Zawodnik postanowił skrytykować decyzje transferowe Tottenhamu, twierdząc, że klub powinien sprowadzić kilku mocnych piłkarzy, jeżeli chce liczyć się w walce o mistrzostwo. Zarzucił jednocześnie, że piłkarze sprowadzani przez Tottenham w ostatnich latach są tak mało znani, że „trzeba ich szukać w google”. No cóż, z jednym się zgodzimy, Tottenham rzeczywiście powinien w końcu pomyśleć o przeprowadzeniu transferów w obecnym oknie transferowym, szczególnie, że klub zarobił na odejściu Walkera i Bentaleba. Jednakże Rose jest piłkarzem i jego zadaniem jest przede wszystkim dobra gra, a nie krytykowanie decyzji klubu.
Kolejną rzeczą, o którą Rose miał pretensje do zarządu Kogutów to zbyt małe pensje, niewspółmierne do faktycznej klasy zawodników. 27-letni obrońca oznajmił również, że nie jest dalej zainteresowany grą w Tottenhamie, ponieważ chce zdobywać trofea i dlatego być może niedługo wróci w swoje rodzinne strony. To bardzo szybko wywołało lawinę plotek, że Rose może trafić do Manchesteru United.

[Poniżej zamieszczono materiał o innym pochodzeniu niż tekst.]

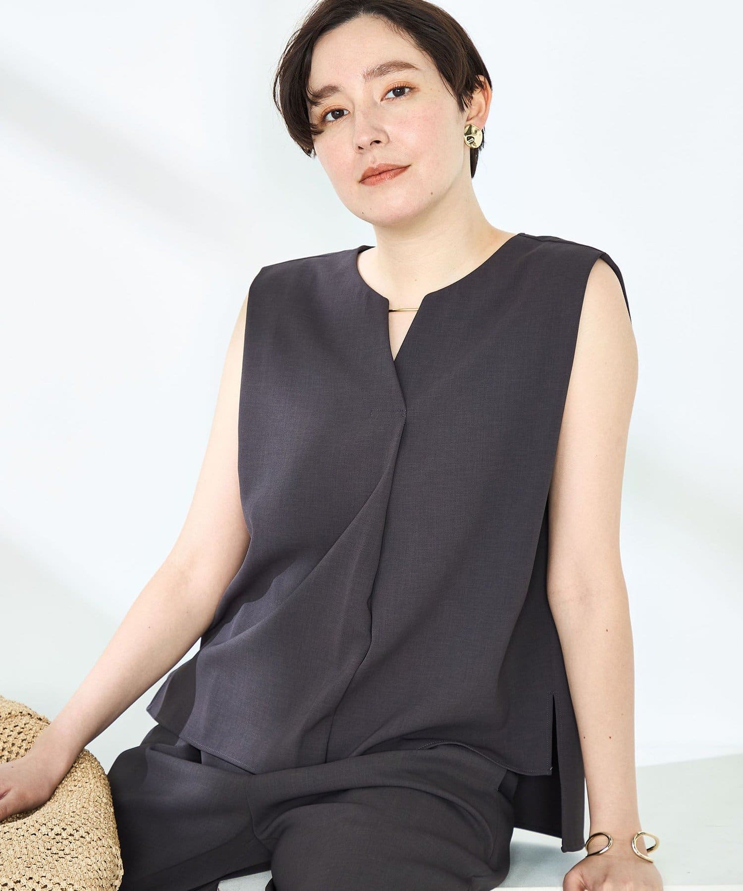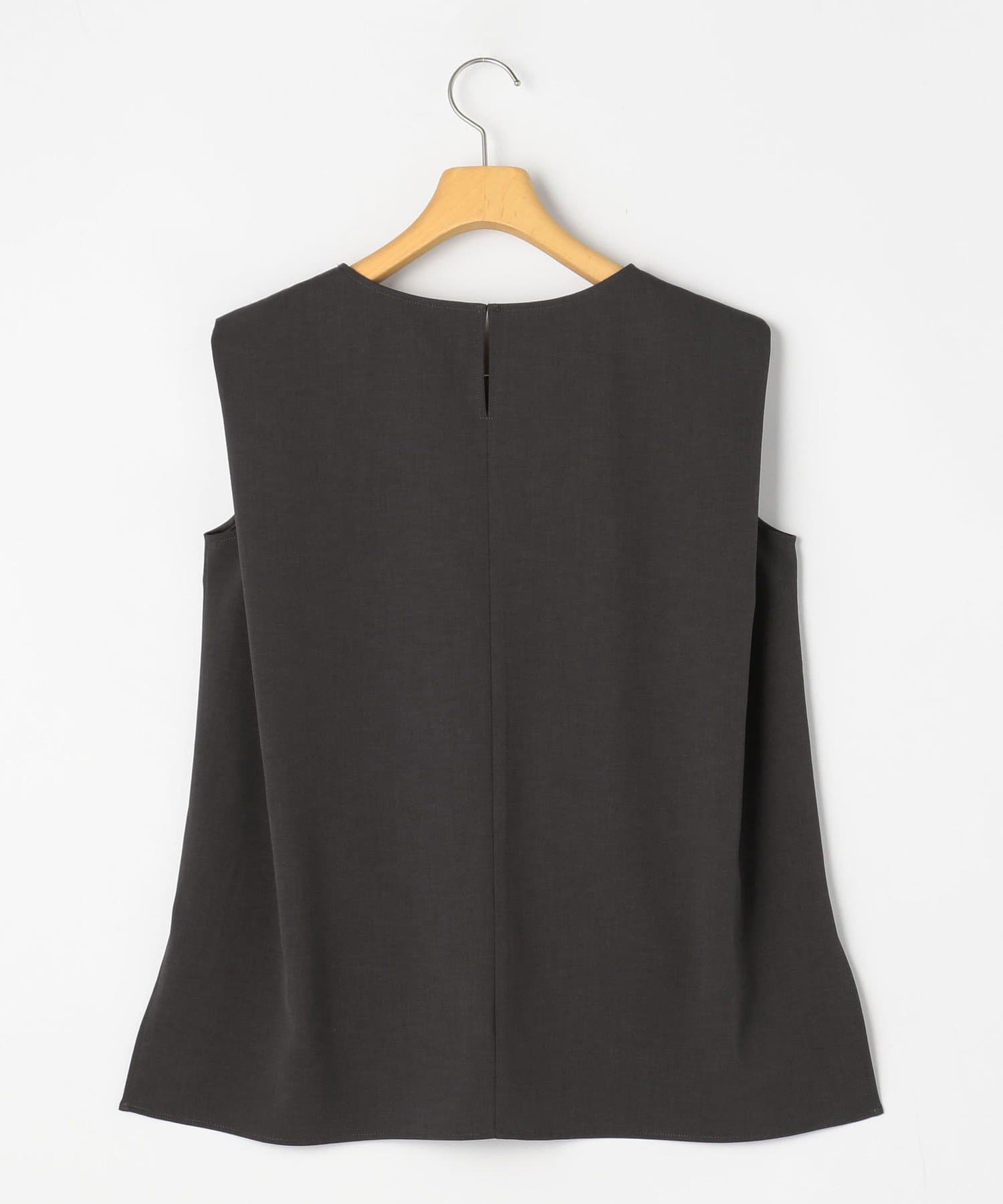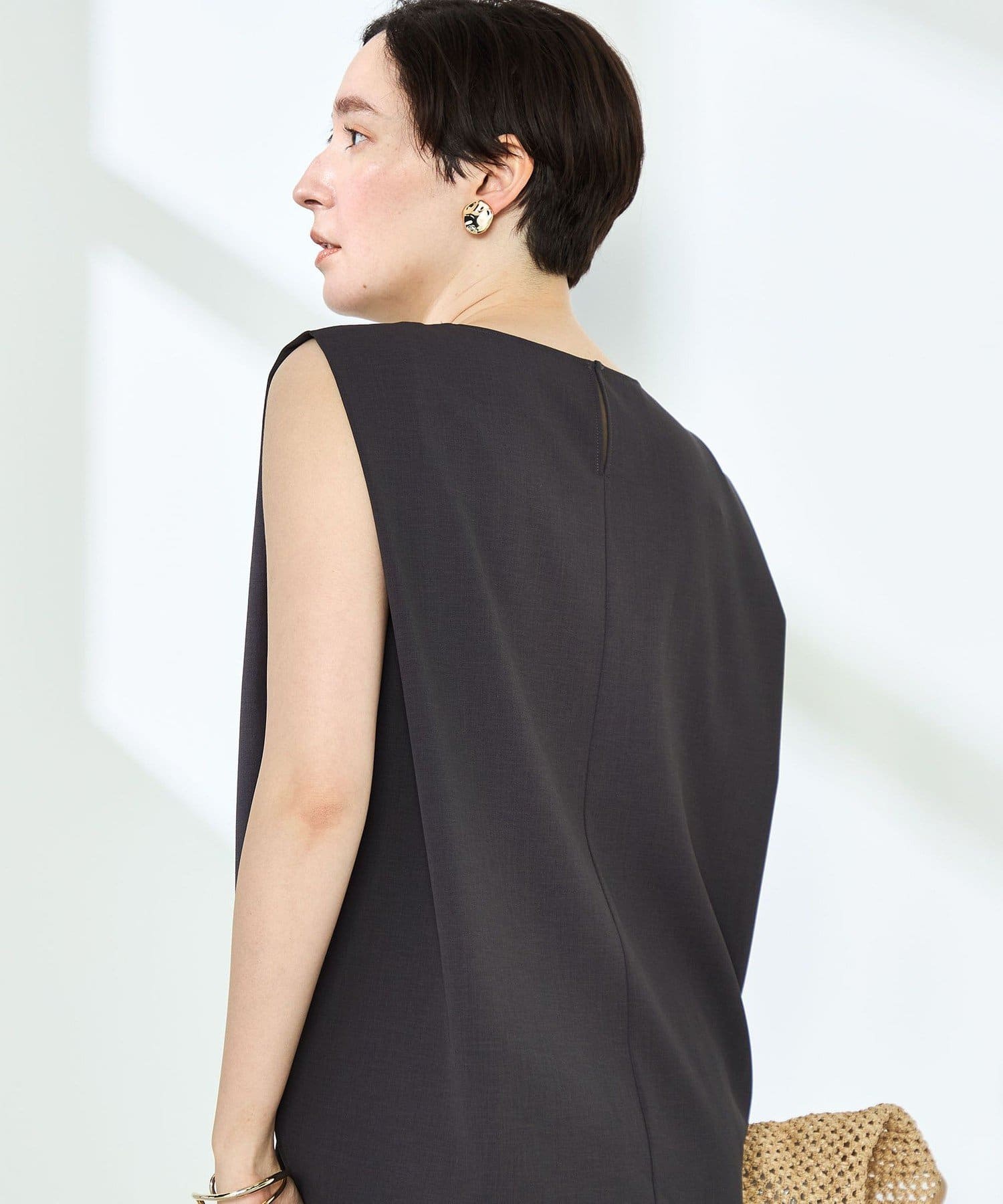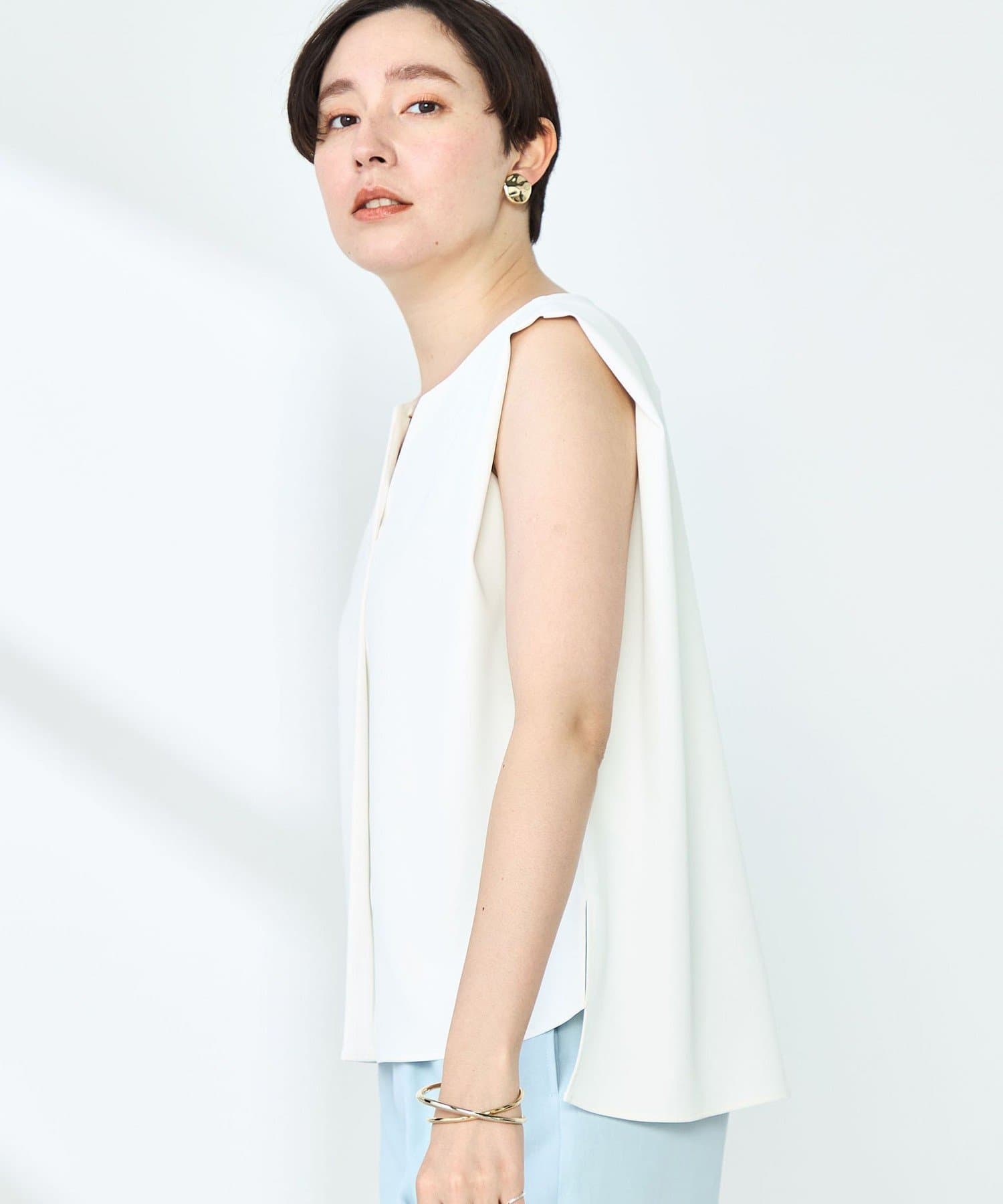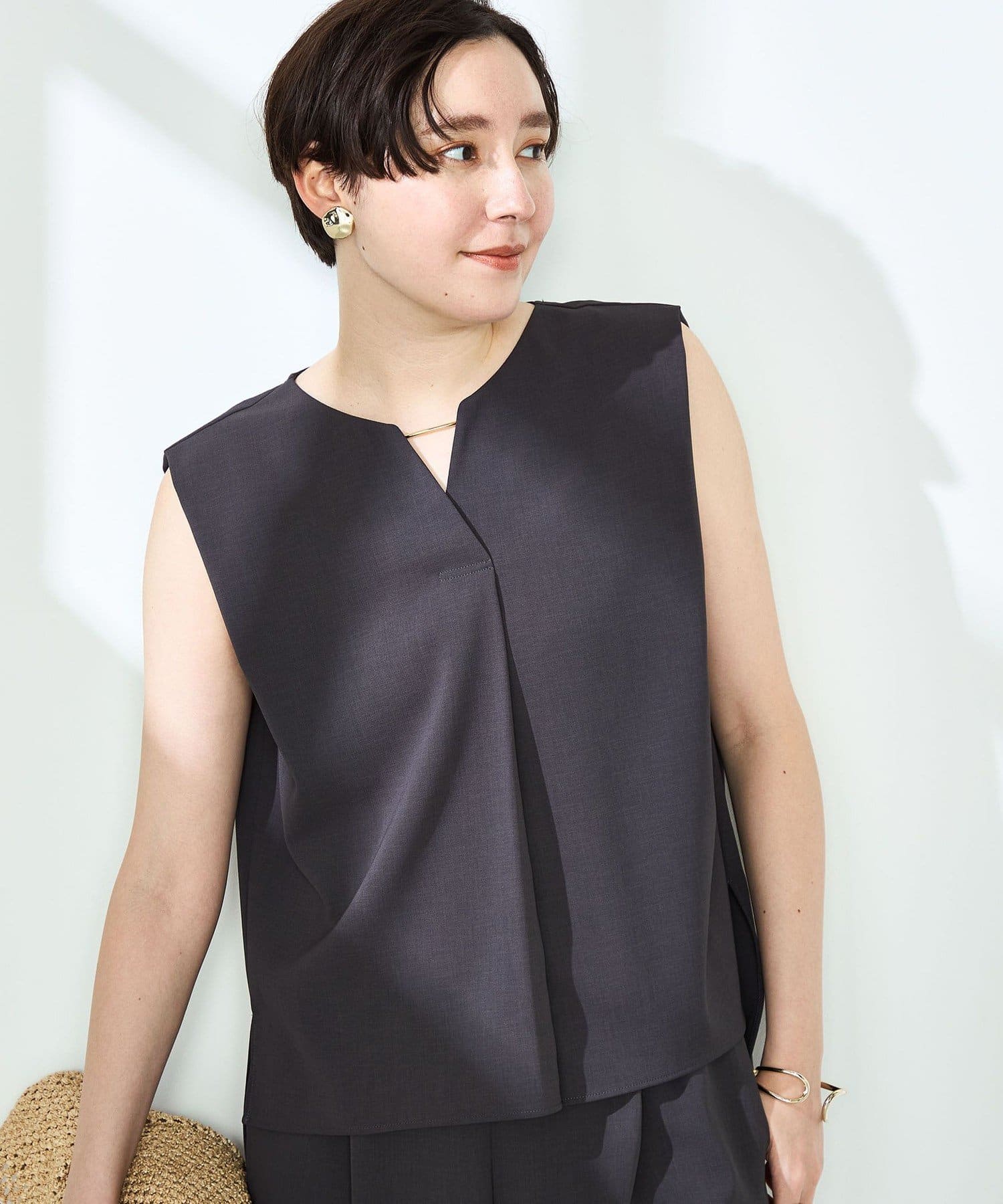 ・梳毛調合繊素材を使用したタック入りキーネックのノースリーブブブラウス
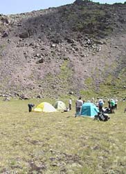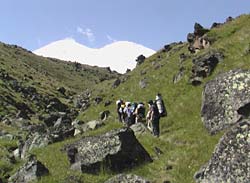 И вот мы у начальной точки нашего пути, Роман берет у нас интервью для ТВ, мы прощаемся с замечательными людьми в зеленых погонах и вертолет уходит на базу. Нас пригласили представители МЧС, которые записали нас в журнале регистрации альпгрупп, это приятно удивляет. Через некоторое время мы на месте нашего акклиматизационного лагеря на 2870м на дне бывшего озера, где по некоторорым данным находился немецкий аэродром. Вид Эльбруса с северной стороны поражает воображение, природа вокруг нетронута, в отличие от Баксанского ущелья. Готовим обед в окружении большого количества сусликов, которые удивлены нашим рационом и надеятся на вкусненькое. Дети прикармливают их орешками. После обеда дети разбрелись по близлежащим склонам, реализуя накопленный энергетический потенциал. Связались с БЛ, слышимость отличная, живем ! И еще одна приятная новость, как нам сообщили в БЛ протекает ручей и не придется топить снег. Всем привет, до связи.
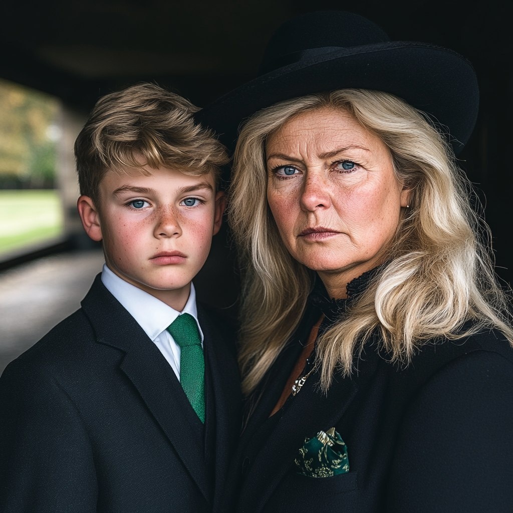 Создано на основе запроса: A white, British working-class woman in her early 50's with blonde mid-length hair, blue eyes and wearing a black dress and black hat attending a cremation. Standing next to her is her 16 year old son who has blonde hair and blue eyes and is wearing a dark suit and green tie. They are looking seriously into the camera and behind them is a modern British crematorium. They look imperfect, engaging and the image should be a close up of their faces, showing their lines and moles etc --- Автоперевод: Белая британская женщина из рабочего класса в ее начале 50-х годов со светлыми волосами средней длины, голубыми глазами и черной платьем и черной шляпой, посещающей кремацию. Необычно получилось? 🤔 https://dzen.ru/id/65c0c65c86e4f837c27b24d7 #ИИ #AI #нейросеть #midjourney #art
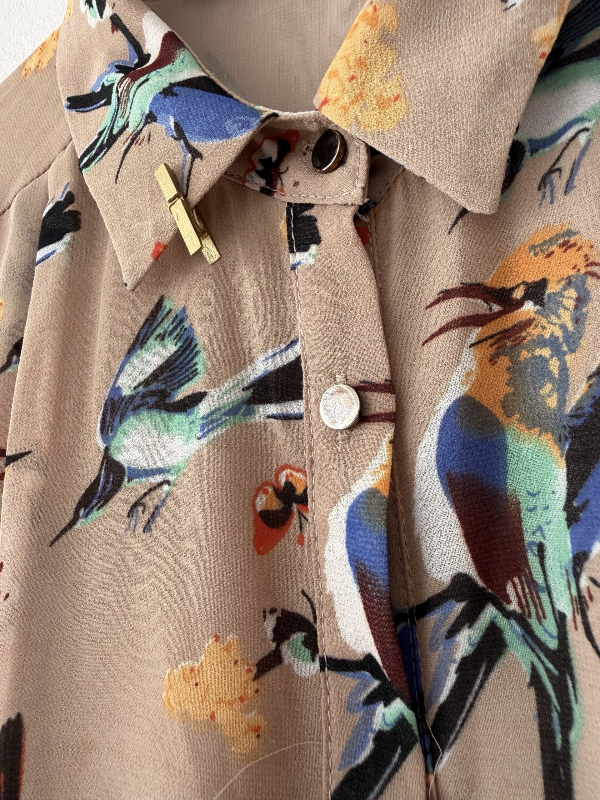Ένα ιδιαίτερο midi φόρεμα που ισορροπεί ανάμεσα στο effortless και το elevated styling. Το bird print σε γήινες αποχρώσεις χαρίζει καλλιτεχνικό χαρακτήρα, ενώ η μαύρη fitted φούστα δημιουργεί ένα κομψό contrast που κολακεύει τη σιλουέτα.

Głos zabrał ostatnio Jose Mourinho, który stwierdził, że Rose to zawodnik Tottenhamu, natomiast on sam nie ma nic wspólnego z wywiadem zawodnika i odcina się od wszelkich pogłosek na temat transferu. Wiele wskazuje więc na to, że być może Rose chciałby zasilić szeregi Czerwonych Diabłów, tyle tylko, że Czerwone Diabły nie potrzebują jego.
Teraz sytuacja Rose’a w klubie jest bardzo zła. Na piłkarza spadła fala krytyki ze strony kibiców jak i znanych osobistości ze świata futbolu. Pojawiły się także głosy żeby wyrzucić niesfornego piłkarza z drużyny.